Goodwater Capital, a two-year-old, San Mateo, Calif.-based early-stage venture firm, has been trying to stake out new territory for itself by publishing a steady stream of research and tools that help inform both competing firms and startup founders. One of those pieces of research was a detailed snapshot of the tech company Snap, which Goodwater published in early February, shortly before the company went public. (We wrote about it here.)

Three months later, armed with fresh survey data of 3,000 Americans across the country who Goodwater recently polled using a third-party service, firm co-founder Eric Kim — who isn’t a shareholder — says he’ll be listening for three things on Snap’s very first earnings call tomorrow:

1) Snapchat’s competitive response to Facebook’s steady stream of attacks on its core platform.

“Snapchat’s stories platform has maintained market share over the last six months, but during that same period, Facebook has converted a whole lot of non users into users of its own [stories] platform,” notes Kim. “While Snapchat had and still has 12 percent market share of the story user base, Facebook has now grabbed 14 percent market share,” with Instagram Stories now claiming 200 million daily active users versus Snapchat’s 158 million users.

It matters how Snap plans to respond, of course, because Facebook’s success and Snapchat’s future are more directly correlated than Snap might like. Which raises the second issue that Kim will be focused on, and that is:

2) Snap’s daily active user outlook. 

“The expectation for this quarter is that Snap will add anywhere from seven to nine million users from the previous quarter,” says Kim. What Goodwater sees in its survey data might concern shareholders, however.

“Fifty-nine percent of respondents under age 30 said they use Snapchat, and 81 percent said they use Facebook, so the [two platforms] aren’t mutually exclusive,” he notes. That’s the good news. Here comes the problem: “For survey respondents under age 30, 46 percent said they expected to increase their usage of Snapchat going forward; of those over age 30, just 10 percent said they expect to increase their usage of Snap.”
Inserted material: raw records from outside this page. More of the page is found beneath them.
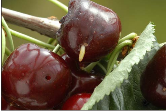
Figure 49. An adult cherry fruit maggot emerges from the fruit.

Cultural management. Shortly after cherry harvest, remove as much of the fruit from the cherry tree as possible. Unpicked cherries can serve as homes for the next season's lifecycle of cherry fruit flies. If your tree is not on dwarfing rootstock, this management tactic is difficult to achieve. Gisela rootstocks are the most popular dwarfing rootstocks for the home garden. With annual pruning, it is possible to keep the dwarfing cherry tree 10 to 12 feet in height.
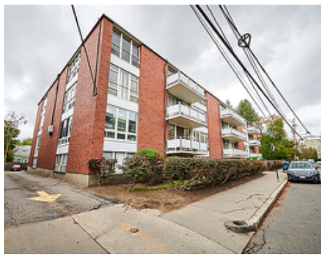
Building – front and exit driveway
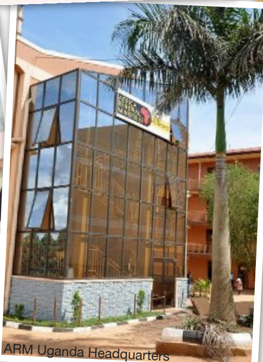
ARM Uganda Headquarters
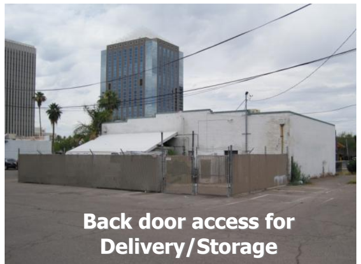
Back door access for Delivery/Storage
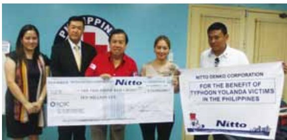
Donating to the Philippine Red Cross

We are eager for the reconstruction of disaster areas without further delay.
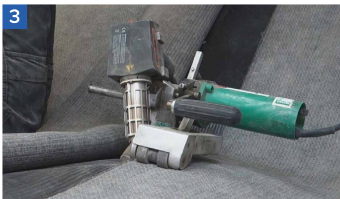
Thermal welding of CCX-B™ LLDPE backing
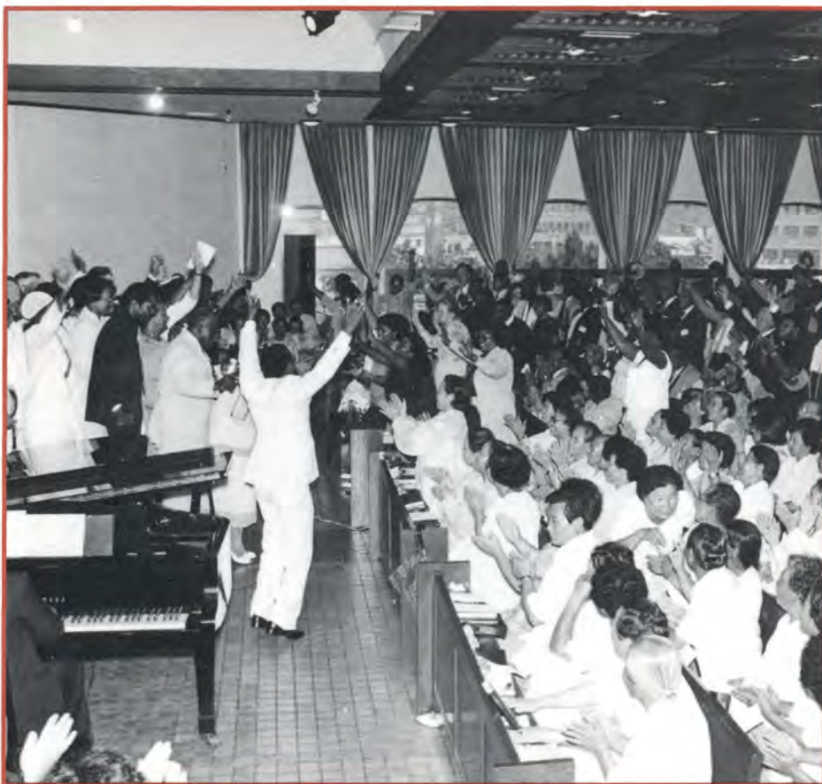
Rousing gospel singing at Sunday service at the UC Headquarters Church in Seoul.

For our day trip to Pusan we went by air. At the airport the ladies were separated from the men and we women were frisked thoroughly for weapons by strictly no-nonsense female security. We were told that because Korea is in a politically tense situation, precautions have to be taken on all domestic flights. Any cameras with film in them were confiscated for the duration of the flight. I said my camera had no film in it. The lady said gruffly, "Open!" I fumbled with it nervously and finally opened it to show her there was no film inside. She found something in my purse and took it out. "What is this?" "A tape recorder," I said. "Play!" she commanded. So I played it and she seemed satisfied. I guess she wanted
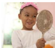
Oral Motor Awareness

L.E.A.P. is a preschool speech therapy service for children displaying a deficit in the areas of articulation, phonology and / or expressive language. Instruction occurs in the naturalistic setting of a preschool classroom with developmentally appropriate play centers.
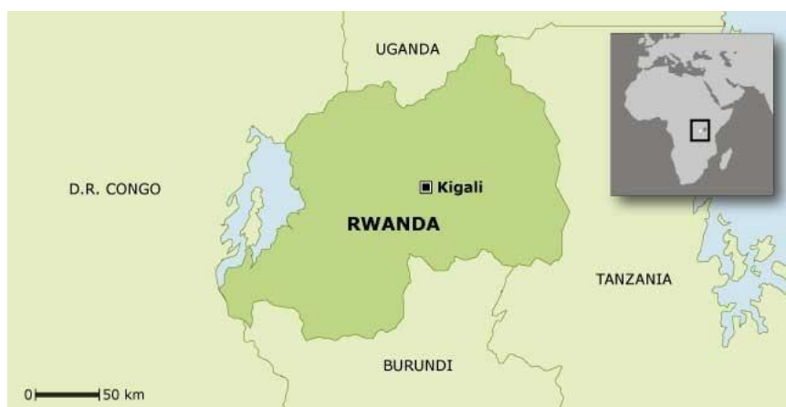
Figure 1: Geographical setting of Rwanda in the regional context

The Republic of Rwanda is a small landlocked country in east central Africa along the Western branch of the Great Rift Valley. The country is bordered by Tanzania (East), Uganda (North), Burundi (South) and the Democratic Republic of Congo (West) (Figure 1). The total area of the country is 26,338 km 2 with a population of 11 million of inhabitants.
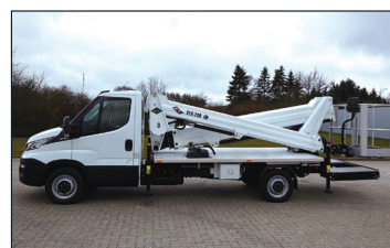
Also available on 3.5T GVW Iveco Daily 35S

When it comes to users ages 30 and up, the numbers for Facebook are far more encouraging, notes Kim. To wit, 65 percent of people under age 30 who were surveyed said they plan to increase their use of Snapchat going forward. But almost an identical percentage — 64 percent — said they expect to increase their use of Facebook.

Wait, you might wonder: How can anyone draw conclusions based on a survey of 3,000 people when the broader population of the U.S. is roughly 300 million? We asked Kim that very question. Noting that Goodwater employs several data analysts, he insists that it is “directionally correct.”

Which leads us to the third thing to which Kim will be paying close attention tomorrow, and that is:

3) What’s happening on the monetization front.

You knew that one was coming. “What we think is key, and we’ll be looking for, is what Snapchat is working on that caters to advertisers,” says Kim.

For the most part, he observes, Snap’s ad dollars are coming primarily through advertisers’ experimental budgets. That’s okay, of course, but it’s not going to reassure shareholders. What might comfort them is knowing what’s in the pipeline, along with learning whether some of Snap’s newer products — including a new self-serve ad manager and an API technology that it unveiled last fall — are enjoying some traction. “That’s a very important part of the story,” Kim says.

Kim adds that one last thing he’ll be curious to see is who does the talking tomorrow. “If it’s  [Snap CFO Drew Vollero] doing a lot of hand-waving about financial and user growth, the market will be sorely disappointed,” says Kim.